我认为与下面的FASTP处理过程（input）有关：

process FASTP {
	maxForks 3
	debug true
    input:
    path(reads_tumor)  //val outdir  //不适用于 path (outdir) // 传递多个读取 - 用于肿瘤和正常
    path(reads_normal)  //val outdir  //不适用于 path (outdir)
	val (sample_name)
	output:
	tuple val(sample_name), path("${sample_id_tumor}_trim_{1,2}.fq.gz"), emit: reads_tumor
	path("${sample_id_tumor}.fastp.json"), emit: json_tumor
	path("${sample_id_tumor}.fastp.html"), emit: html_tumor
	
	tuple val(sample_id_normal), path("${sample_id_normal}_trim_{1,2}.fq.gz"), emit: reads_normal
	path("${sample_id_normal}.fastp.json"), emit: json_normal
	path("${sample_id_normal}.fastp.html"), emit: html_normal
	
    script:
	def (r1_normal, r2_normal) = reads_normal
	def (r1_tumor, r2_tumor)=reads_tumor
    """
    
    ml fastp
    fastp  --in1 "${r1_normal}" --in2 "${r2_normal}" -q 20  -u 20 -l 40 --detect_adapter_for_pe --out1 "${sample_id_normal}_trim_1.fq.gz" --out2 "${sample_id_normal}_trim_2.fq.gz" --json "${sample_id_normal}.fastp.json" --html "${sample_id_normal}.fastp.html" --thread 12 
    
    fastp  --in1 "${r1_tumor}" --in2 "${r2_tumor}" -q 20  -u 20 -l 40 --detect_adapter_for_pe --out1 "${sample_id_tumor}_trim_1.fq.gz" --out2 "${sample_id_tumor}_trim_2.fq.gz" --json "${sample_id_tumor}.fastp.json" --html "${sample_id_tumor}.fastp.html" --thread 12
    echo "Exiting fastp"
     
       """
}

我不知道如何解决这个错误。我多次检查了是否多次包含了FASTP处理过程，但没有问题。我删除了包含和FASTP调用过程，但它们仍然不起作用。因此，我无法弄清楚出了什么问题。

英文:

For a nextflow pipeline I'd like to read in a CSV file with five columns:

sample1,path/normal_R1.fastq,path/normal_R2.fastq,path/tumor_R1.fastq,path/tumor_R2.fastq
sample2,path/normal_R1.fastq,path/normal_R2.fastq,path/tumor_R1.fastq,path/tumor_R2.fastq

I read in the file, create a linkedHashMap. For each element I'd like to run few processes. The processes has been working fine without CSV iteration, as they were provided by a channel of tumor files and a channel of normal files.

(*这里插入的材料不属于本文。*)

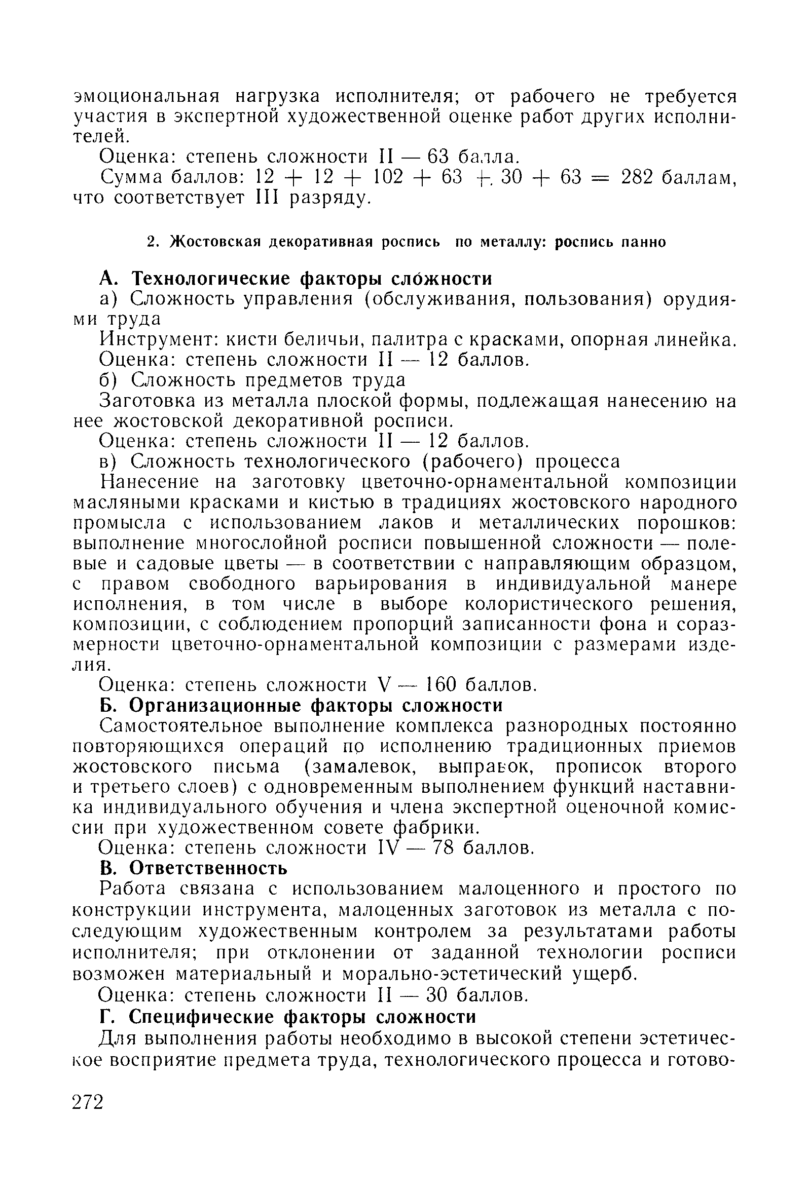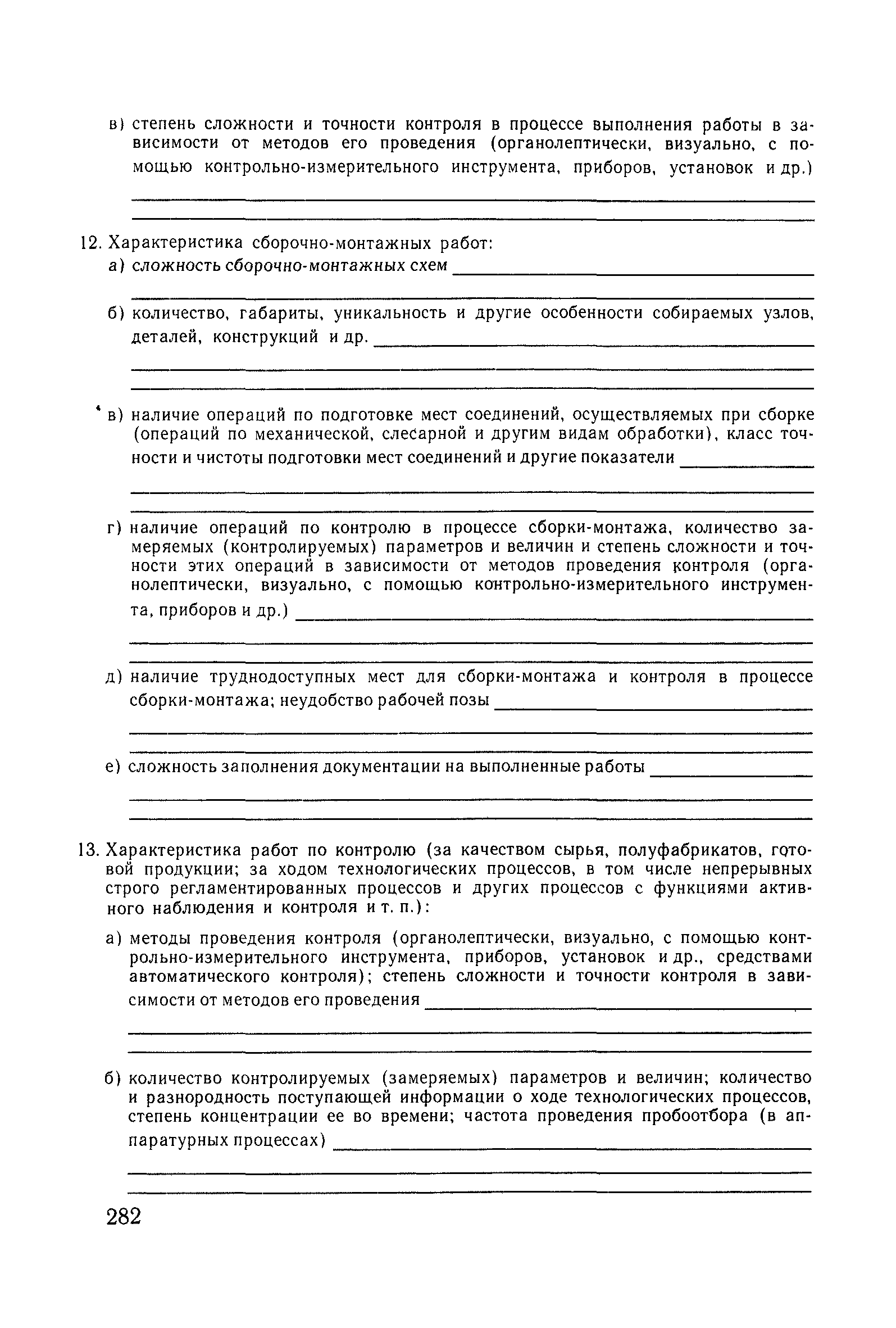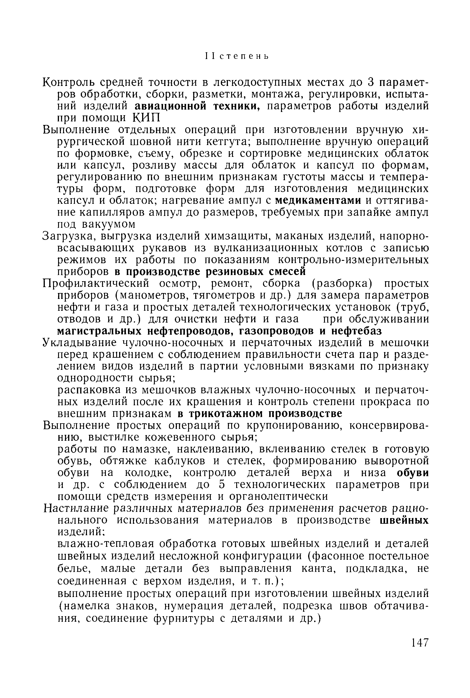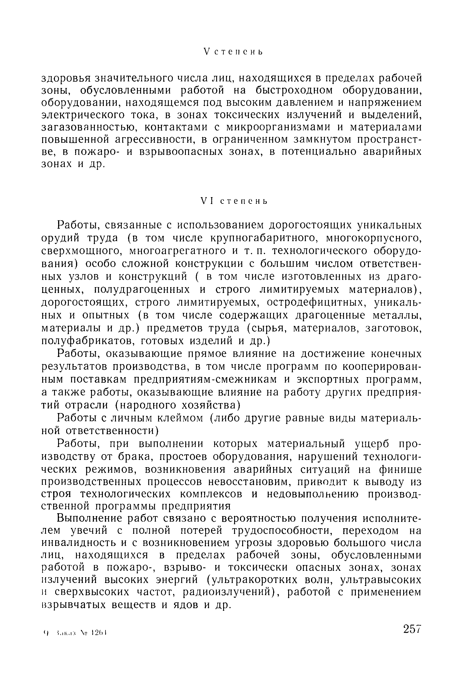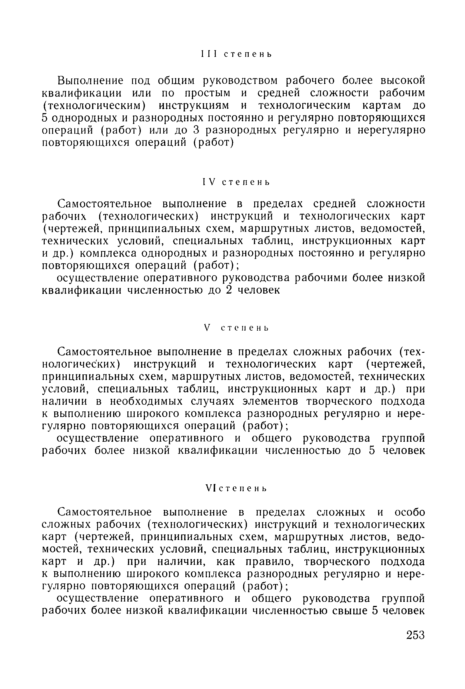 | Оглавление: | Введение I Назначение и структура построения Единого тарифно-квалификационного справочника работ и профессий рабочих II Основы методики определения разряда сложности работ III Определение требований к квалификации рабочих IV Определение наименований профессий рабочих Приложение 1. Примеры тарифно-квалификационных характеристик профессий рабочих по типам трудовых процессов Приложение 2. Критерии степеней сложности факторов 1. Критерии степеней сложности технологических факторов 1. Критерии степеней подфактора "Сложность управлении (обслуживания, пользования) орудиями труда" А. Для ручных процессов труда Б. Для машинно-ручных процессов труда В. Для машинных процессов труда Г. Для автоматизированных процессов труда Д. Для аппаратурных процессов труда 2. Критерии степеней подфактора "Сложность предметов труда" А. Для ручных процессов труда Б. Для машинно-ручных процессов труда В. Для машинных процессов труда 3. Критерии степеней подфактора "Сложность технологических (рабочих) процессов" А. Для ручных процессов труда Б. Для машинно-ручных процессов труда В. Для машинных процессов труда Г. Для автоматизированных процессов труда Д. Для аппаратурных процессов труда II Критерии степеней сложности организационных факторов (широты комплекса выполняемых операций (работ) и степени самостоятельности рабочего в процессе выполнения работ) III Критерии степеней сложности фактора ответственности (материальной ответственности и ответственности за здоровье и жизнь) IV Критерии степеней сложности специфических факторов . . . Приложение 3. Профессионально-квалификационная карта рабочего Приложение 4. Примеры оценки сложности работ по типам трудовых процессов Приложение 5. Тарифно-квалификационная карта для определения разряда сложности работы |

When I edit the code with a CSV, I get error as:

> Process 'FASTP' has been already used -- If you need to reuse the same
> component, include it with a different name or include it in a
> different workflow context

Below is the code:

include { FASTP} from &#39;./fastp_process.nf&#39;
include {bwa_index} from &#39;./index_process.nf&#39;
include { align_bwa_mem} from &#39;./bwamem_process_already_index.nf&#39;
include { gatk_markduplicates} from &#39;./gatk_markduplicates_process.nf&#39;
include {setupnmdtags} from &#39;./setupnmdtags_process.nf&#39;
include { recalibrate_bam } from &#39;./recalibratebam_process.nf&#39;
include { applybqsr } from &#39;./applybqsr_process.nf&#39;
include { mutect2 } from &#39;./mutect2_process.nf&#39;
include { lancet } from &#39;./lancet_process.nf&#39;
include { manta } from &#39;./manta_process.nf&#39;
include { strelka } from &#39;./strelka_process.nf&#39;
include { gatk_merge_vcfs } from  &#39;./gatk_merge_vcfs.nf&#39;
workflow {
def csvFile = file(&quot;input_nextflow_files.csv&quot;)
def csvLines = csvFile.text.readLines()
def sampleMap = csvLines.collectEntries { line -&gt;
def lineCols = line.split(&#39;,&#39;)
if (lineCols.size() &gt;= 5) {
def sampleName = lineCols[0]
def normalR1 = file(lineCols[1])
def normalR2 = file(lineCols[2])
def tumorR1 = file(lineCols[3])
def tumorR2 = file(lineCols[4])
[(sampleName): [tuple(normalR1, normalR2), tuple(tumorR1, tumorR2)]]
} else {
return [:]
}
}
sampleMap.each { sampleName, pairList -&gt;
def normalPair = pairList[0]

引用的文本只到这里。